[Task item]: Print exactly the lines below between the line containing "Државни аудиовизуелни архив" and the line containing "テーブルには、和御膳が運ばれ", counting both of those lines. Leave pictures out.

Source data
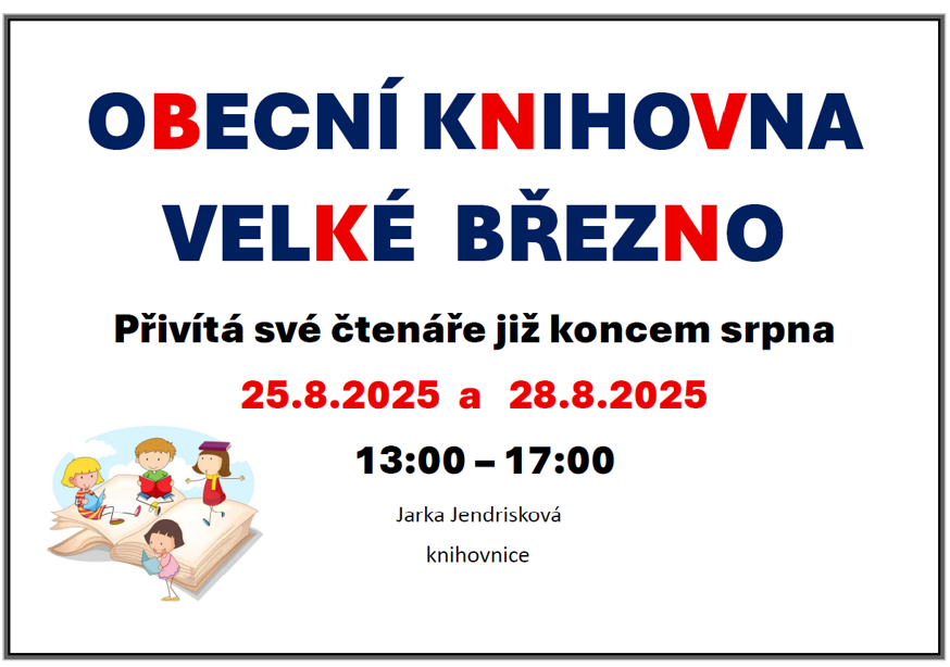 Otvíráme knihovnu už poslední prázdninový týden - 25. a 28. srpna 2025.
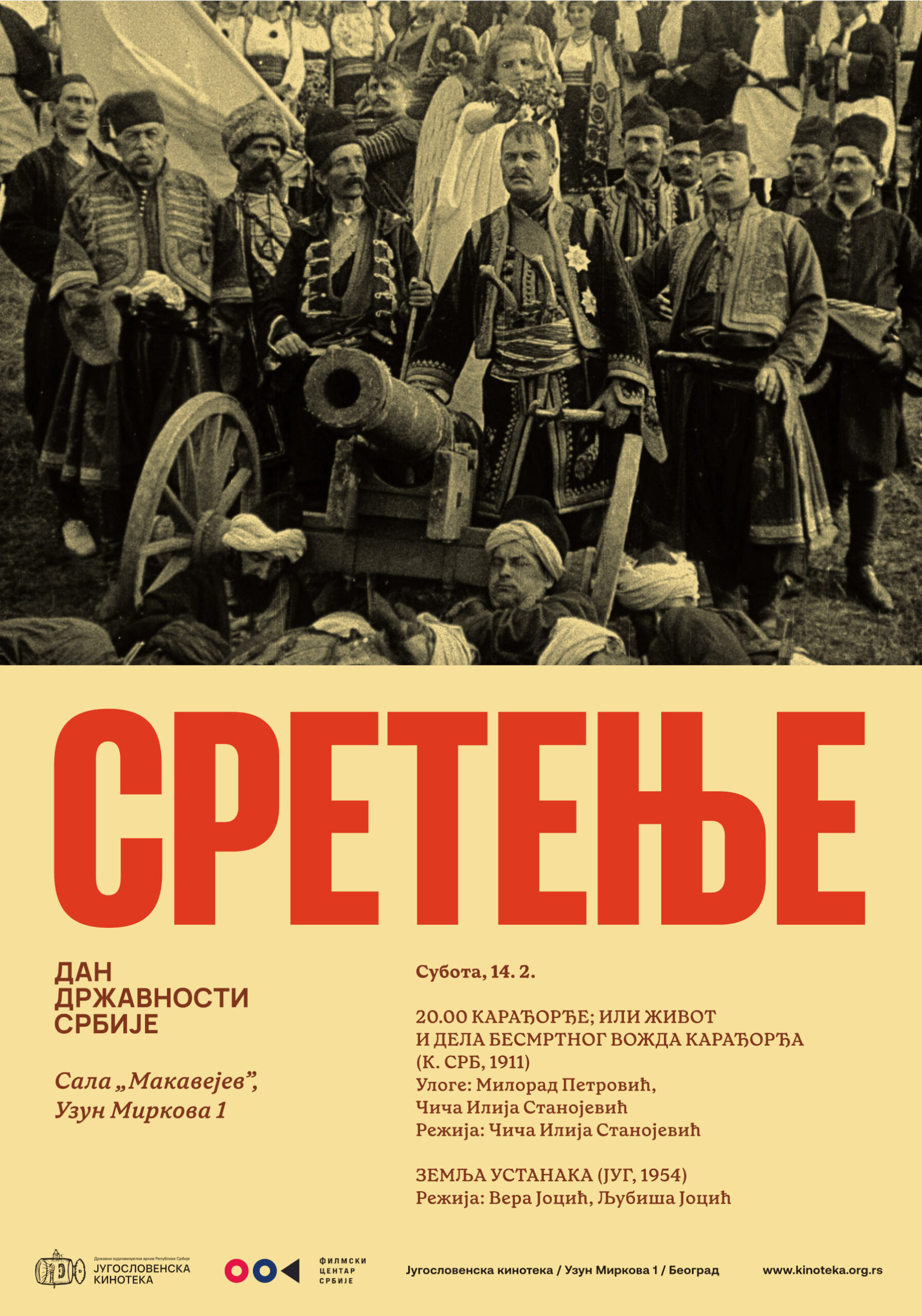 Државни аудиовизуелни архив Србије Југословенска кинотека, у сарадњи с Филмским центром Србије, поводом обележавања Дана државности Србије, приказаће 14. фебруара на свечаној пројекцији два филма која се баве темом Првог српског устанка и личношћу вожда Карађорђа. То су играни филм „Карађорђе; или живот и дела бесмртног вожда Карађорђа“ (1911), у режији Илије Станојевића и документарни „Земља устанака“ (1954), у режији Љубише и Вере Јоцић.
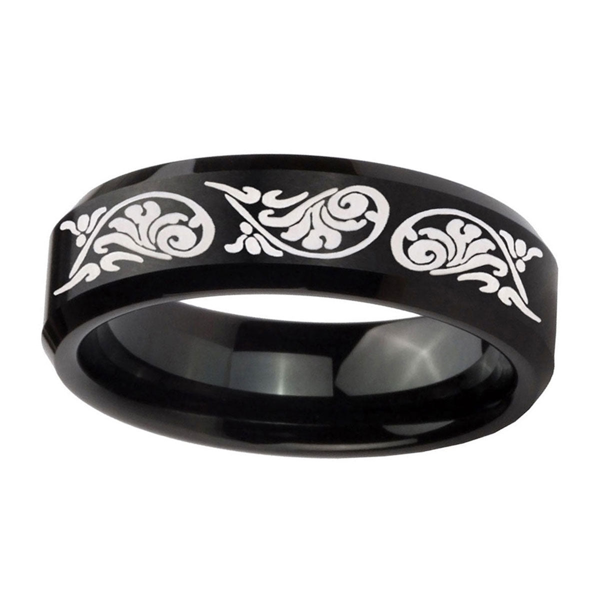 10mm Etched Tribal Pattern Beveled Edges Brush Black Tungsten Anniversary Ring
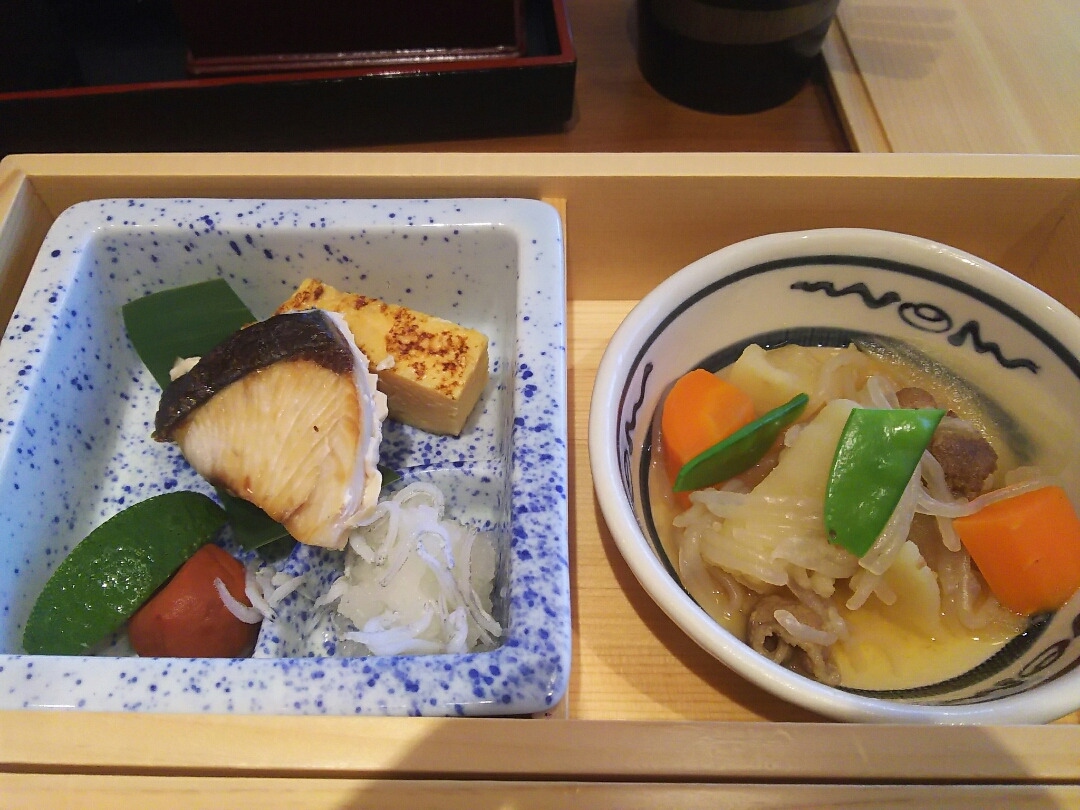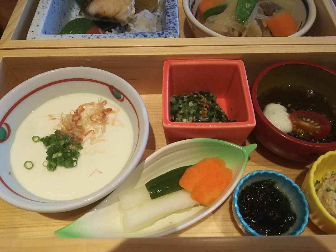 テーブルには、和御膳が運ばれてきて、肉じゃがやお豆腐、焼き魚がセットされています。ご飯や味噌汁、サラダ、ドリンクはバイキングになっています。
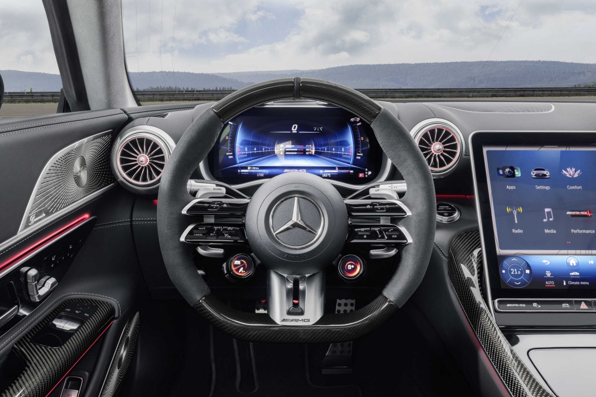 Para além do modo “Race”, existem ainda mais cinco: “Slippery”, “Comfort”, “Sport”, “Sport +” e “Individual”, que mudam as características de comportamento dinâmico do veículo e podem ser selecionadas no sistema de informação e entretenimento, ou num botão no volante. Para os fãs de track days, o AMG GT Coupé vem equipado de série com o AMG Track Pace – um auxiliar de condução em pista –, que para além de memorizar o seu traçado no sistema também pode ser apresentado no ecrã do sistema multimédia com função de realidade aumentada do MBUX. Isto permite ao condutor melhorar o seu estilo de condução com um instrutor virtual. Regista mais de 80 dados específicos do veículo como: velocidade, aceleração, ângulo da direção, acionamento do pedal dos travões, dez vezes por segundo. O menu ‘Telemetria’ pode apresentar 40 parâmetros em tempo real. É possível também visualizar os tempos por volta e por setor no ecrã multimédia, no head-up display e no painel de instrumentos. O sistema de navegação no head-up display mostra os ângulos de viragem e os pontos de travagem para ajudar o condutor a encontrar a melhor trajetória.
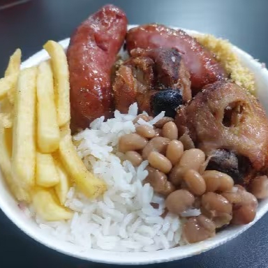Padrao serve bm 1 pesoa marmita feijao.aroz.fritas.farofa 1 frango. 1 linguisa
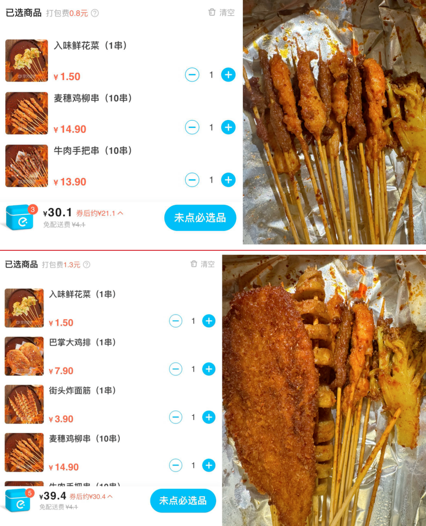 观潮新消费记者在外卖平台选购后发现,30元价位只能选择2份肉类和一串蔬菜类;叠加平台优惠后,可以再增加一个鸡排和一串炸面筋。

[Solution to the problem]:
 Државни аудиовизуелни архив Србије Југословенска кинотека, у сарадњи с Филмским центром Србије, поводом обележавања Дана државности Србије, приказаће 14. фебруара на свечаној пројекцији два филма која се баве темом Првог српског устанка и личношћу вожда Карађорђа. То су играни филм „Карађорђе; или живот и дела бесмртног вожда Карађорђа“ (1911), у режији Илије Станојевића и документарни „Земља устанака“ (1954), у режији Љубише и Вере Јоцић.
 10mm Etched Tribal Pattern Beveled Edges Brush Black Tungsten Anniversary Ring
 テーブルには、和御膳が運ばれてきて、肉じゃがやお豆腐、焼き魚がセットされています。ご飯や味噌汁、サラダ、ドリンクはバイキングになっています。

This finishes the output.